Task statement: Leaving out pictures, output exactly the lines below from the one that has "세번째줄은 autocrlf 설정을" through the one that has "Bordée sur les", and nothing else.

Entries shown Start Marker

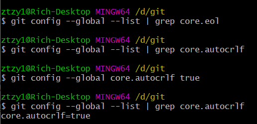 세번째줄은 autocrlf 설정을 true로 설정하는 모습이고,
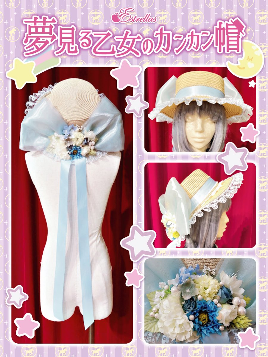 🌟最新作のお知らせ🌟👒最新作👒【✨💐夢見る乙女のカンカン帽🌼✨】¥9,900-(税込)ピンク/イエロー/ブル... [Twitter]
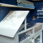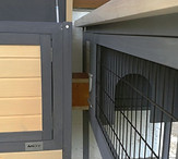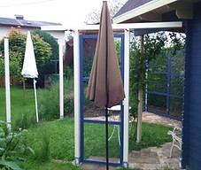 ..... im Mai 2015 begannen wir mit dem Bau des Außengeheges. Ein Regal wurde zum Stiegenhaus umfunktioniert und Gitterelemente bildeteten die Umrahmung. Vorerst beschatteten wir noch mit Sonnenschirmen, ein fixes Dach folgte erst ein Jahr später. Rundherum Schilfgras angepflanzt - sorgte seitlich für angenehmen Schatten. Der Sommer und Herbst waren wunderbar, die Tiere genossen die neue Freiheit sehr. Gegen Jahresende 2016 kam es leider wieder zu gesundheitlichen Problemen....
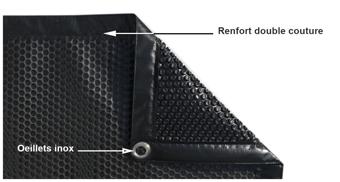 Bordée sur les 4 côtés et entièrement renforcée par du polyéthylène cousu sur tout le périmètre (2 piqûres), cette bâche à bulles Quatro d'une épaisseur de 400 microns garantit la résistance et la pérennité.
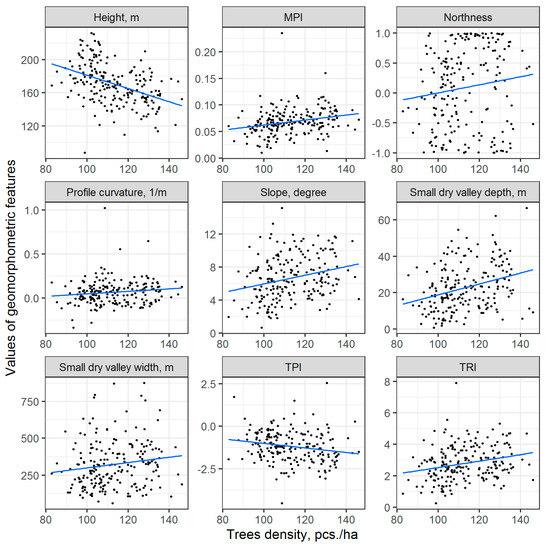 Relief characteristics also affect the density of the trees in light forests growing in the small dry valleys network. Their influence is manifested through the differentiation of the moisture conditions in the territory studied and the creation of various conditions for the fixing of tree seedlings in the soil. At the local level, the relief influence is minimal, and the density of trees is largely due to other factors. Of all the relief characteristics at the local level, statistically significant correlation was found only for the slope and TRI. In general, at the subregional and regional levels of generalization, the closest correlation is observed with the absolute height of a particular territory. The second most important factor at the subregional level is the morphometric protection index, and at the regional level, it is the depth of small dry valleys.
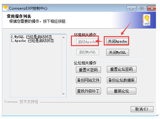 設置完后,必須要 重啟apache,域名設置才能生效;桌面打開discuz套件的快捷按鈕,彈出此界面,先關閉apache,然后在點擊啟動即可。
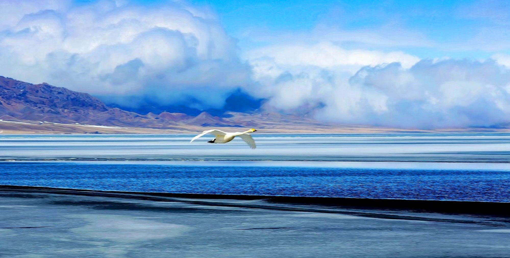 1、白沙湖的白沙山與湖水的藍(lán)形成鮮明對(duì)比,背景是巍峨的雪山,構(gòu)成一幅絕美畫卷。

Entries shown End Marker
Entries shown Start Marker

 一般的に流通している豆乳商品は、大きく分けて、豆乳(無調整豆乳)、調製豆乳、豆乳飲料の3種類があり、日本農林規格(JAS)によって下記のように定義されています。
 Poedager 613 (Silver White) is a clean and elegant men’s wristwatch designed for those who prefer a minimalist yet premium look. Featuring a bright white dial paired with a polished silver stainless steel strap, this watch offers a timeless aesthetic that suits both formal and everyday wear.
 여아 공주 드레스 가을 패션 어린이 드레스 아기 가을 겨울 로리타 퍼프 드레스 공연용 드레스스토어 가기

Entries shown End Marker

Answer area:
 세번째줄은 autocrlf 설정을 true로 설정하는 모습이고,
 🌟最新作のお知らせ🌟👒最新作👒【✨💐夢見る乙女のカンカン帽🌼✨】¥9,900-(税込)ピンク/イエロー/ブル... [Twitter]
 ..... im Mai 2015 begannen wir mit dem Bau des Außengeheges. Ein Regal wurde zum Stiegenhaus umfunktioniert und Gitterelemente bildeteten die Umrahmung. Vorerst beschatteten wir noch mit Sonnenschirmen, ein fixes Dach folgte erst ein Jahr später. Rundherum Schilfgras angepflanzt - sorgte seitlich für angenehmen Schatten. Der Sommer und Herbst waren wunderbar, die Tiere genossen die neue Freiheit sehr. Gegen Jahresende 2016 kam es leider wieder zu gesundheitlichen Problemen....
 Bordée sur les 4 côtés et entièrement renforcée par du polyéthylène cousu sur tout le périmètre (2 piqûres), cette bâche à bulles Quatro d'une épaisseur de 400 microns garantit la résistance et la pérennité.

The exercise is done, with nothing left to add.